Raves roll in for Miyazaki

Posted by · 2:37 am · September 1st, 2008

Six days in, and a rather quiet Venice Film Festival has come up with its first unalloyed critical triumph – an animated Japanese re-imagining of Hans Christian Andersen, aimed primarily at children still in the single digits.

That would be surprising were “Ponyo on the Cliff by the Sea” directed by anyone other than Hayao Miyazaki, the Oscar-winning animation master who has, in recent years, crossed over to being one of the industry’s most venerated auteurs. After all, “Spirited Away” — for me, still one of the crowning cinematic achievements of the decade — began its incredible success story when it won the Golden Bear at Berlin in 2002 (sharing with Paul Greengrass’ “Bloody Sunday,” no less).

2005 follow-up “Howl’s Moving Castle” didn’t reach quite the same dizzy heights, but it was another richly textured, narratively daring work that received its fair share of acclaim, and a second Oscar nomination for Miyazaki.

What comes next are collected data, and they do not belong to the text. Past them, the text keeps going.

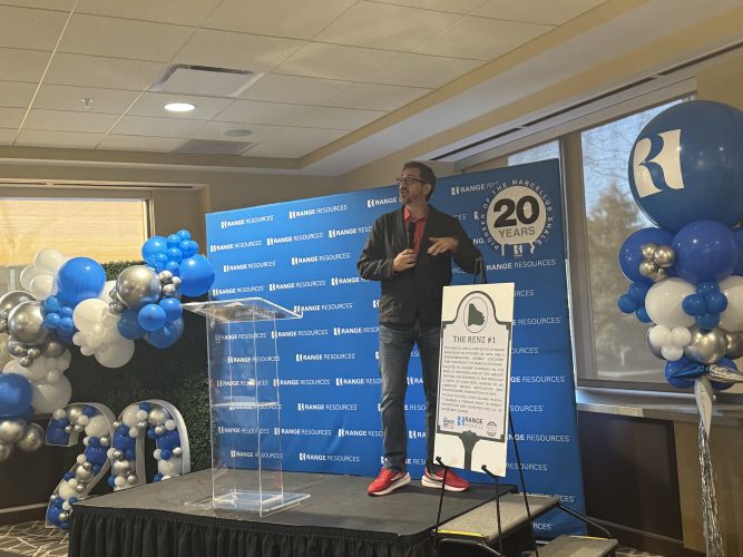 “Happy Renz-iversary,” said Range Resources Vice President of Operational Planning Tony Gaudlip at a celebration held Tuesday at the company’s Southpointe headquarters.
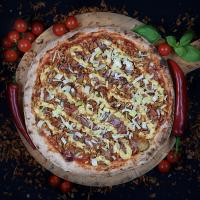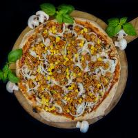 Sos pomidorowy, ser mozzarella, kurczak, cebula, pieczarki, kukurydza, oregano / Tomatensauce, Mozzarella, Huhn, Zwiebel, Champignon, Mais, Oregano
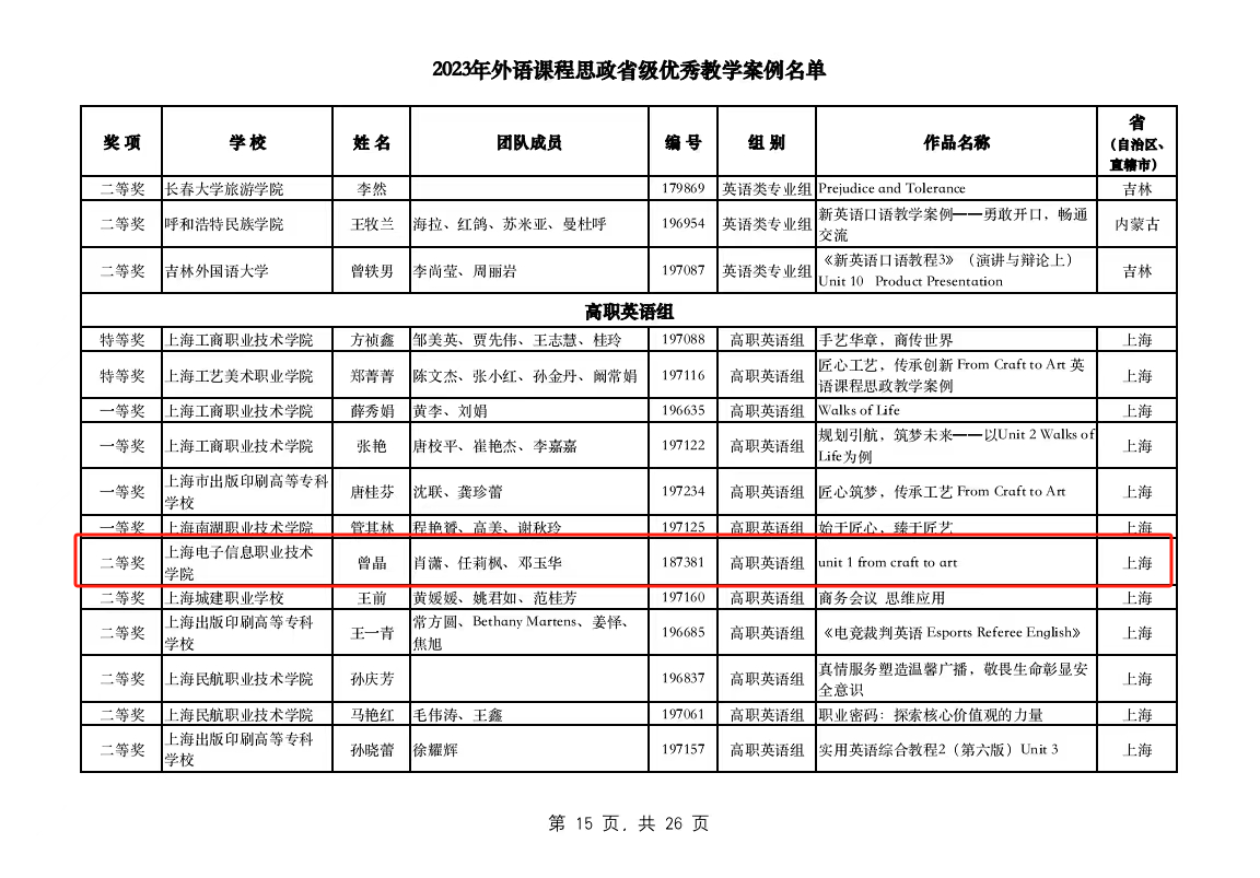 1111MicrosoftInternetExplorer402DocumentNotSpecified7.8 磅Normal0近期,高等教育出版社、全国高校教师网络培训中心和中国外语编辑部共同开展了2023年外语课程优秀教学案例征集与交流活动。通过初赛选拔、省级遴...

Now comes “Ponyo,” apparently a return to the simpler, gentler storytelling of earlier films like “My Neighbour Totoro,” that is already doing spectacular business in its home country. And it seems the looser style and younger target audience hasn’t deterred critics in the slightest. Screen Daily breathlessly raves:

Visually, it’s extraordinary; imaginatively, it’s daring. Once again Hayao Miyazaki is playing in a league of his own with … a sweet, gentle, moving, and always delightful Japanese take on the classic Little Mermaid fable … “Ponyo” is firing on all cylinders on every level. From the sheer creativity of its traditional cell animation to its characterisations (every adult here feels real); the interactions between old and young; the untrammelled imagination on display throughout the story; and, above all, the way Miyazaki still dares to be different.

Wow. The Hollywood Reporter concurs:

A refreshing thirst-quencher in a thus far dry Venice lineup. It is a work of great fantasy and charm that will delight children ages 3 to 100 … the total absence of CGI work — the whole film is drawn by animators — heightens the film’s childlike charm. In Miyazaki’s fertile imagination, the ordinary and magical worlds blend into each other; both are full of marvels.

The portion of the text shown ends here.